WORK REQUEST
Leave out the pictures, and retype only the lines from the beginning of the material through the line that contains "Figure 3 Validation", including both.

>>>>>

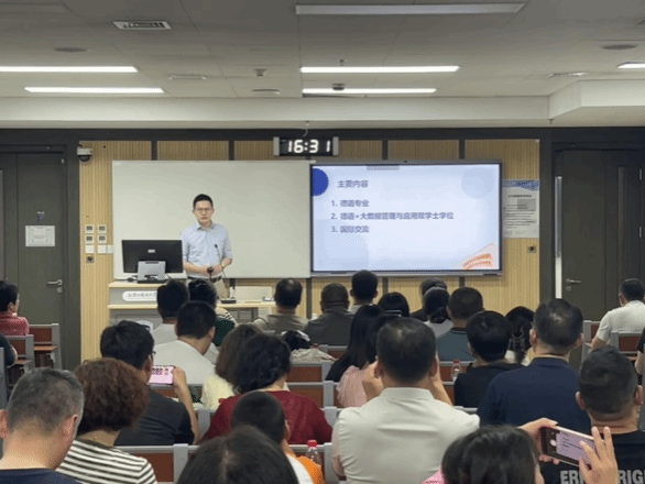 随后,买球体育官方网站党总支委员、副院长寇蔻聚焦本科人才培养,为家长们详细解读本科专业人才培养方案。他指出,学院正积极推动数智赋能本科教学,以科技助力教学质量提升。并围绕本科课程体系,分别介绍基础阶段的知识夯实重点与高年级阶段的课程设置,强调高年级选课体系“动态多元”的特点,满足学生个性化发展需求。寇蔻副院长还提及北外德语专业本科基础阶段教学改革成果,重点介绍《新经典德语》教材的应用——通过教材内容设计,引导学生用德语讲好中国故事,推动中外文明互鉴;同时梳理学院重要考试安排、各类赛事资源及选拔机制,为家长清晰呈现学生成长路径。此外,针对今年第一年招生的 “德语+大数据管理与应用” 双学士学位项目展开说明,从思政育人、课程育人、实践育人三个维度,介绍该项目的德语课程、大数据管理与应用课程及交叉融合课程设置;并围绕国际化人才培养,列举交流学习项目、海外实习实践机会、国外专家讲学讲座及高水平国际交流活动,展现学院为学生搭建的国际化成长平台。
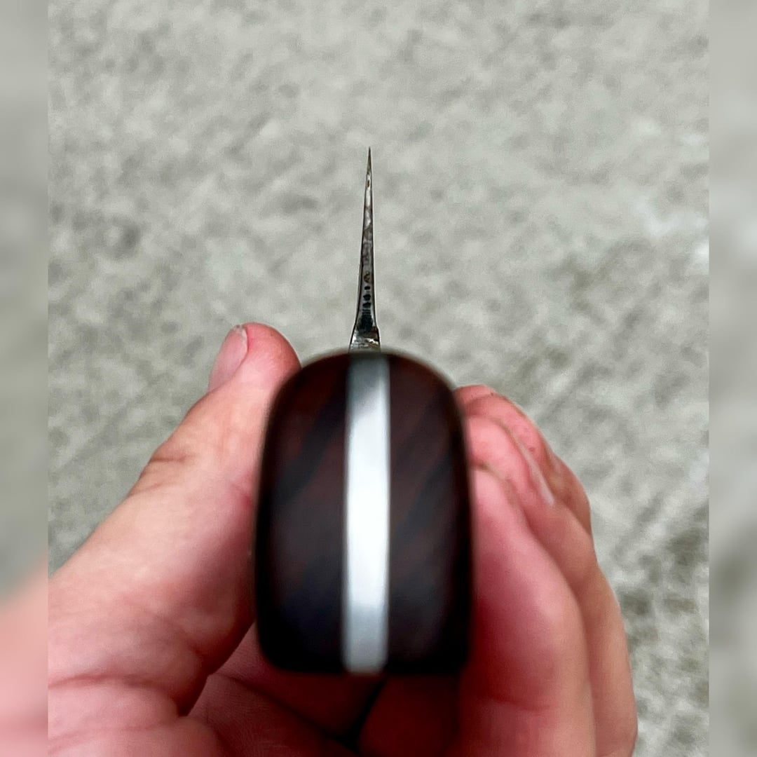 Finally made the wifey a kitchen knife. Forged this one out of Pops ProCut with a distressed mustard patina and is wearing some desert ironwood with peened brass pins. The stand is olive wood with a forged mild steel holder. She cuts 100% better than a store bought knife, especially with the convex grind it has.
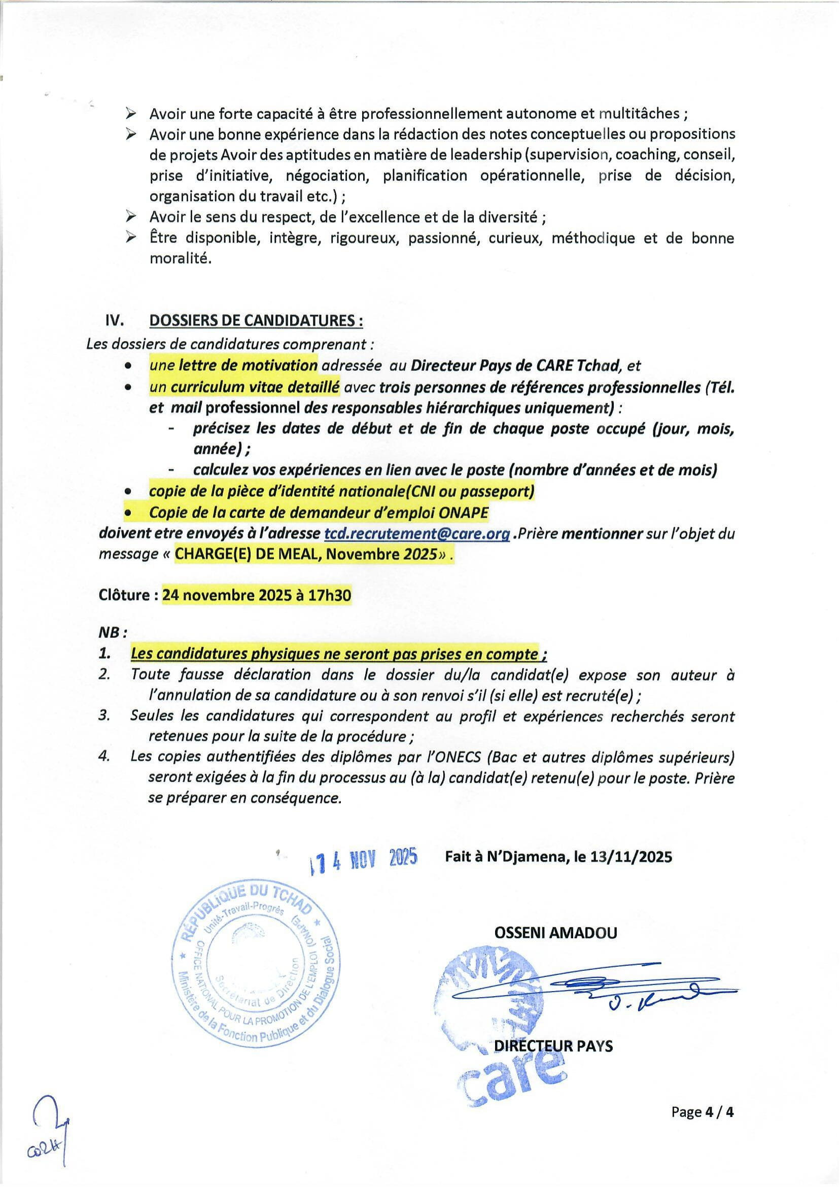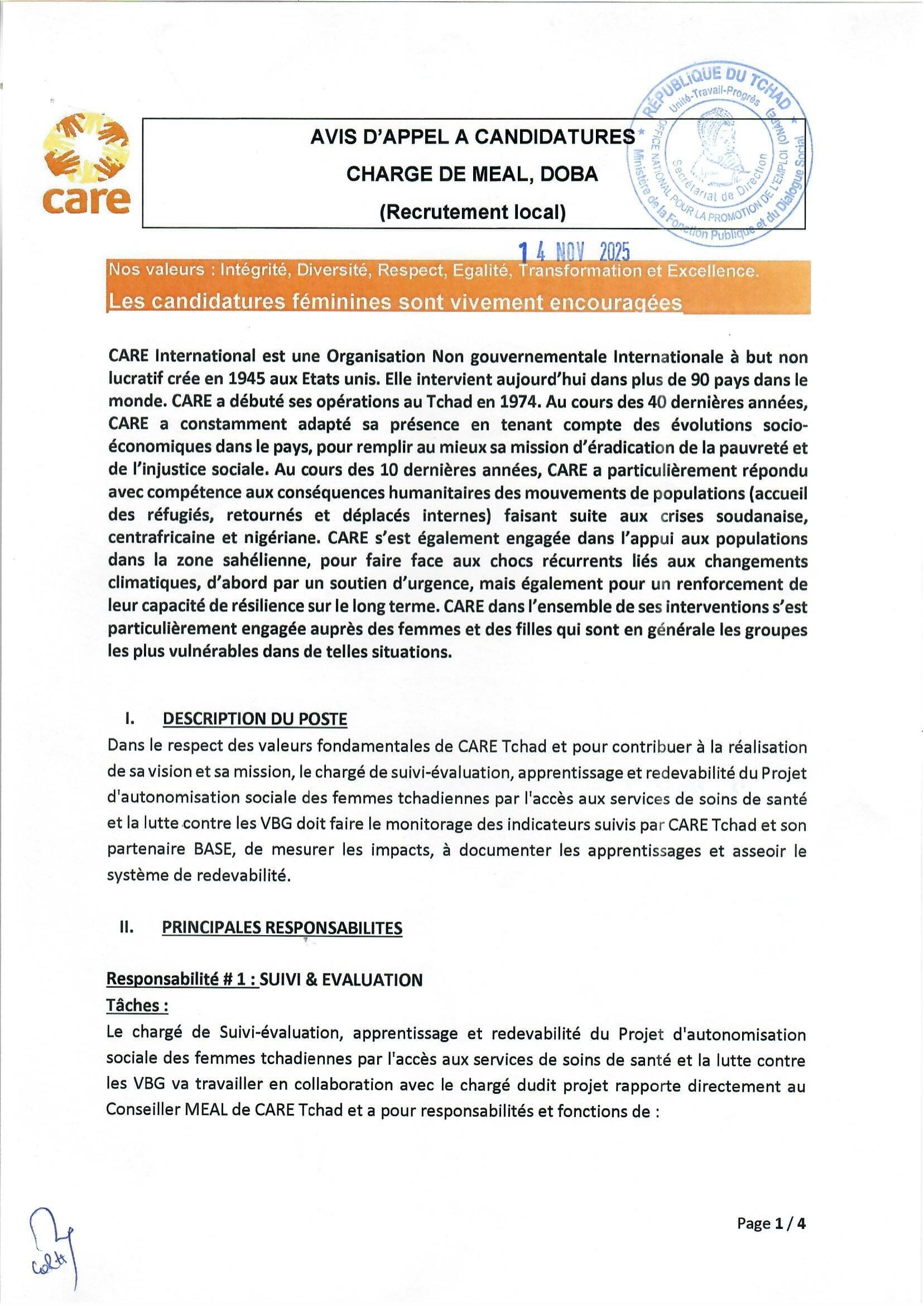 Accueil » Opportunités » Afrique » Tchad » CARE International recrute pour le poste d’un(e) Chargé(e) MEAL basé(e) à Doba, Tchad
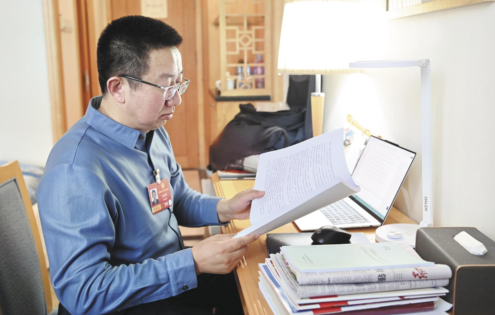 རྒྱལ་ཡོངས་སྲིད་གྲོས་ཀྱི་ཨུ་ཡོན་ཨེ་ཁྲུང་རུང་གིས་གྲོས་གཞི་ནན་ཏན་གྱིས་གྲ་སྒྲིག་བྱེད་བཞིན་པ།
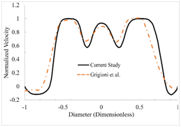 Figure 3 Validation of the computational methods by comparing the velocity distribution in the current study with a previous experimental study.20
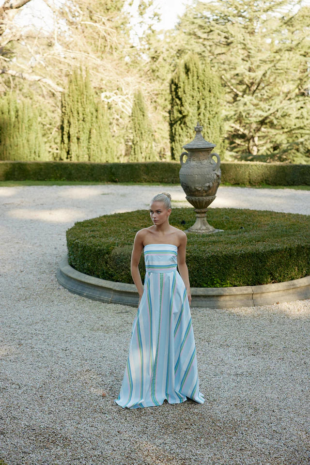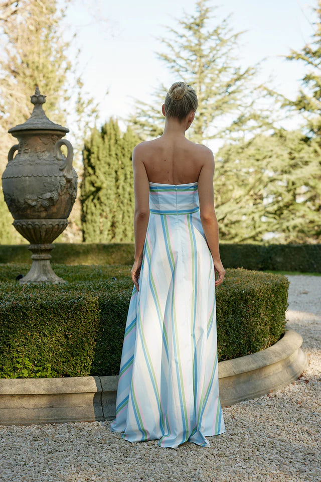 Aston Studio Hazel Dress in Baby Powder Stripe. Reimagined in our exclusive Baby/Powder Stripe, the Hazel Dress exudes timeless elegance. With its strapless neckline and voluminous circle skirt, this classic silhouette effortlessly moves from one occasion to the next, offering a refined balance of sophistication and versatility.
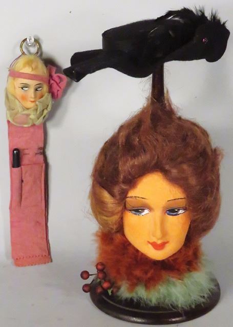 One Millinery Hat Stand with Lady's Head and Hanging Sewing Kit with Lady's Head. Both in Very good condition. Hat stand approx. 10 inches tall.
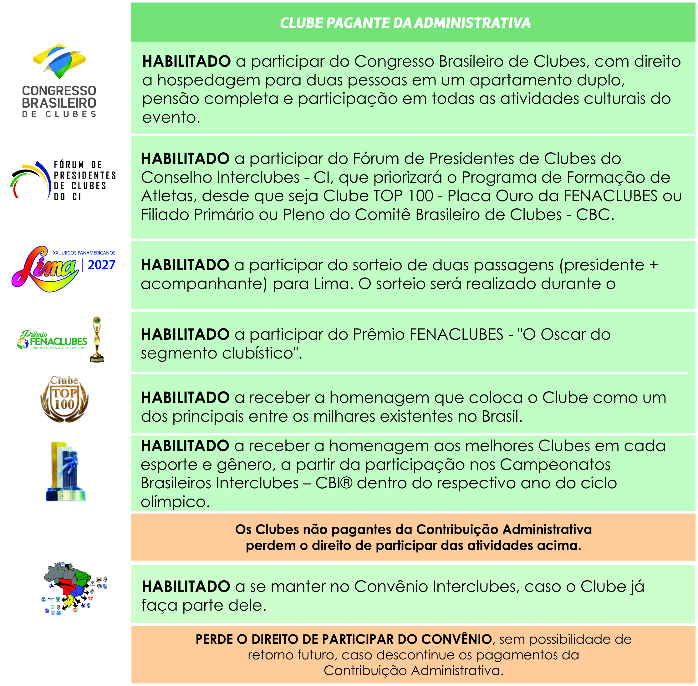 - 2º. Os clubes integrantes do Conselho Interclubes – CI terão suas adesões aprovadas e registradas nas atas das reuniões da Diretoria Executiva e terão direito de participação anual no Congresso Brasileiro de Clubes e no Fórum de Presidentes de Clubes do Conselho Interclubes – CI mediante a adimplência no pagamento das 12 (doze) contribuições administrativas mensais antecedentes à realização dos eventos;
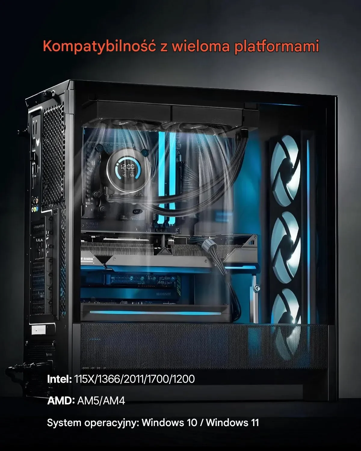 • Uniwersalna kompatybilność: Intel (115X/1366/2011/1700/1200), AMD (AM4/AM5), kompatybilny z Windows 10/11

<<<<<

ANSWER TO THIS PROBLEM
 随后,买球体育官方网站党总支委员、副院长寇蔻聚焦本科人才培养,为家长们详细解读本科专业人才培养方案。他指出,学院正积极推动数智赋能本科教学,以科技助力教学质量提升。并围绕本科课程体系,分别介绍基础阶段的知识夯实重点与高年级阶段的课程设置,强调高年级选课体系“动态多元”的特点,满足学生个性化发展需求。寇蔻副院长还提及北外德语专业本科基础阶段教学改革成果,重点介绍《新经典德语》教材的应用——通过教材内容设计,引导学生用德语讲好中国故事,推动中外文明互鉴;同时梳理学院重要考试安排、各类赛事资源及选拔机制,为家长清晰呈现学生成长路径。此外,针对今年第一年招生的 “德语+大数据管理与应用” 双学士学位项目展开说明,从思政育人、课程育人、实践育人三个维度,介绍该项目的德语课程、大数据管理与应用课程及交叉融合课程设置;并围绕国际化人才培养,列举交流学习项目、海外实习实践机会、国外专家讲学讲座及高水平国际交流活动,展现学院为学生搭建的国际化成长平台。
 Finally made the wifey a kitchen knife. Forged this one out of Pops ProCut with a distressed mustard patina and is wearing some desert ironwood with peened brass pins. The stand is olive wood with a forged mild steel holder. She cuts 100% better than a store bought knife, especially with the convex grind it has.
 Accueil » Opportunités » Afrique » Tchad » CARE International recrute pour le poste d’un(e) Chargé(e) MEAL basé(e) à Doba, Tchad
 རྒྱལ་ཡོངས་སྲིད་གྲོས་ཀྱི་ཨུ་ཡོན་ཨེ་ཁྲུང་རུང་གིས་གྲོས་གཞི་ནན་ཏན་གྱིས་གྲ་སྒྲིག་བྱེད་བཞིན་པ།
 Figure 3 Validation of the computational methods by comparing the velocity distribution in the current study with a previous experimental study.20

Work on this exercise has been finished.